ALTER TABLE reference DISABLE TRIGGER ALL;
DELETE FROM reference WHERE refered_id > 1;
ALTER TABLE reference ENABLE TRIGGER ALL;
Solution is working in version 9.3.16. In my case time went from 45 minutes to 14 seconds executing DELETE operations.
As stated in the comments section by #amphetamachine, you will need to have admin privileges to the tables to perform this task.
If you try DISABLE TRIGGER ALL and get an error like permission denied: "RI_ConstraintTrigger_a_16428" is a system trigger (I got this on Amazon RDS), try this:
set session_replication_role to replica;
If this succeeds, all triggers that underlie table constraints will be disabled.
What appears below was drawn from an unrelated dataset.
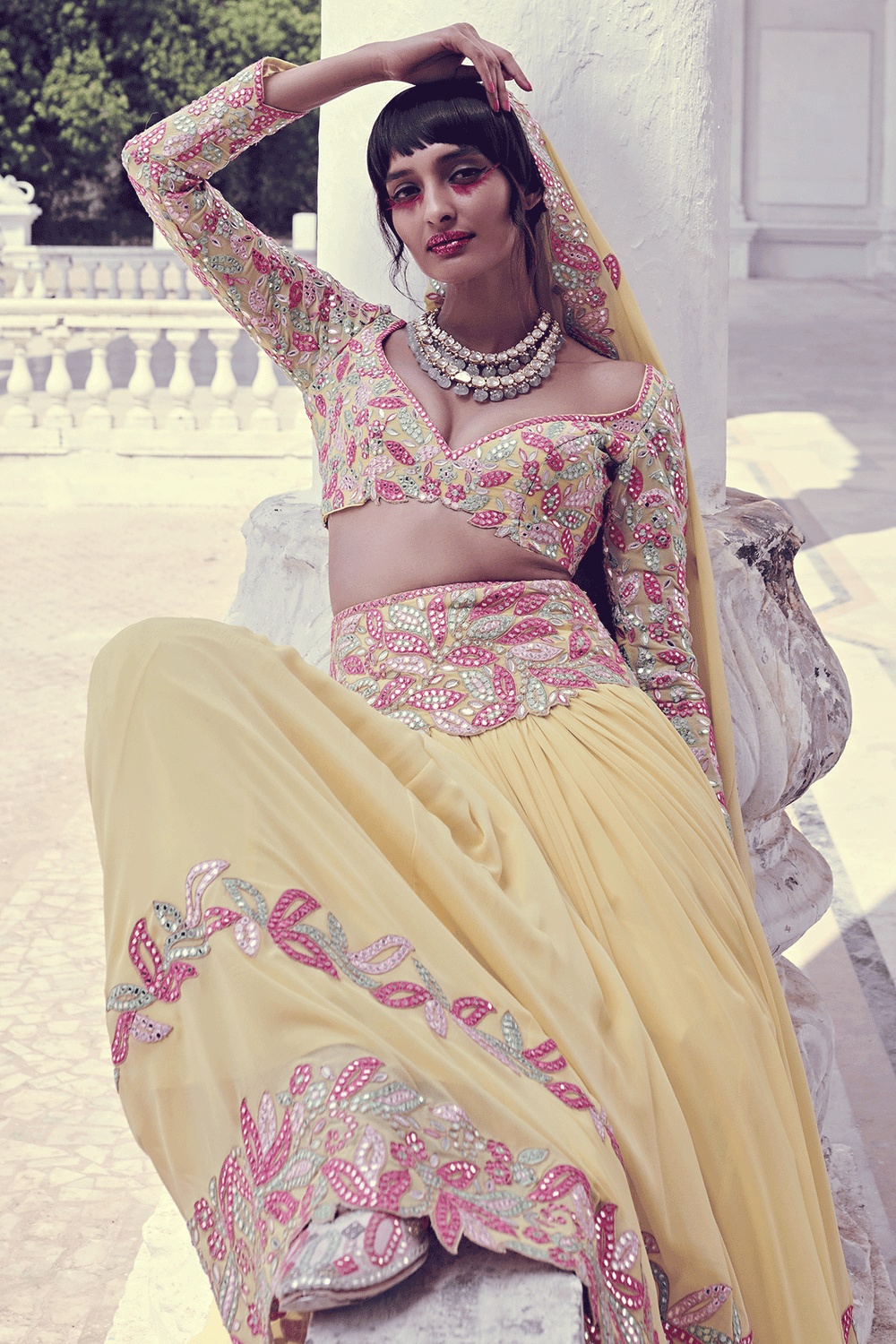 The Yellow Georgette Lehenga With Cutwork Embroidery In Resham And Mirror

Now it's up to you to make sure your changes leave the DB in a consistent state!
Then when you are done, reenable triggers & constraints for your session with:
set session_replication_role to default;
(This answer assumes your intent is to delete all of the rows of these tables, not just a selection.)
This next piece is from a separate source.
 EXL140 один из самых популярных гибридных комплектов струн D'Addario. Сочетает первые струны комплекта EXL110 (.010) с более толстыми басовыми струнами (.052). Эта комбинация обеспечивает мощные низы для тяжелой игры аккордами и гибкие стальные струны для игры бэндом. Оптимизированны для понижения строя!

I also had to do this, but as part of a test suite. I found the answer, suggested elsewhere on SO. Use TRUNCATE TABLE as follows:
TRUNCATE TABLE <list-of-table-names> [RESTART IDENTITY] [CASCADE];
The following quickly deletes all rows from tables table1, table2, and table3, provided that there are no references to rows of these tables from tables not listed:
TRUNCATE TABLE table1, table2, table3;
As long as references are between the tables listed, PostgreSQL will delete all the rows without concern for referential integrity. If a table other than those listed references a row of one of these tables, the query will fail.
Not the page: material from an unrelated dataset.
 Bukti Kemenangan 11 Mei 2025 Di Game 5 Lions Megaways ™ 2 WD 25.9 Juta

However, you can qualify the query so that it also truncates all tables with references to the listed tables (although I have not tried this):
TRUNCATE TABLE table1, table2, table3 CASCADE;
By default, the sequences of these tables do not restart numbering. New rows will continue with the next number of the sequence. To restart sequence numbering:
TRUNCATE TABLE table1, table2, table3 RESTART IDENTITY;
My PostgreSQL is 9.6.8.
set session_replication_role to replica;
work for me but I need permission.
I login psql with super user.
sudo -u postgres psql
Then connect to my database
\c myDB
And run:
set session_replication_role to replica;
Now I can delete from table with constraint.
Disable all table constraints
ALTER TABLE TableName NOCHECK CONSTRAINT ConstraintName
-- Enable all table constraints
ALTER TABLE TableName CHECK CONSTRAINT ConstraintName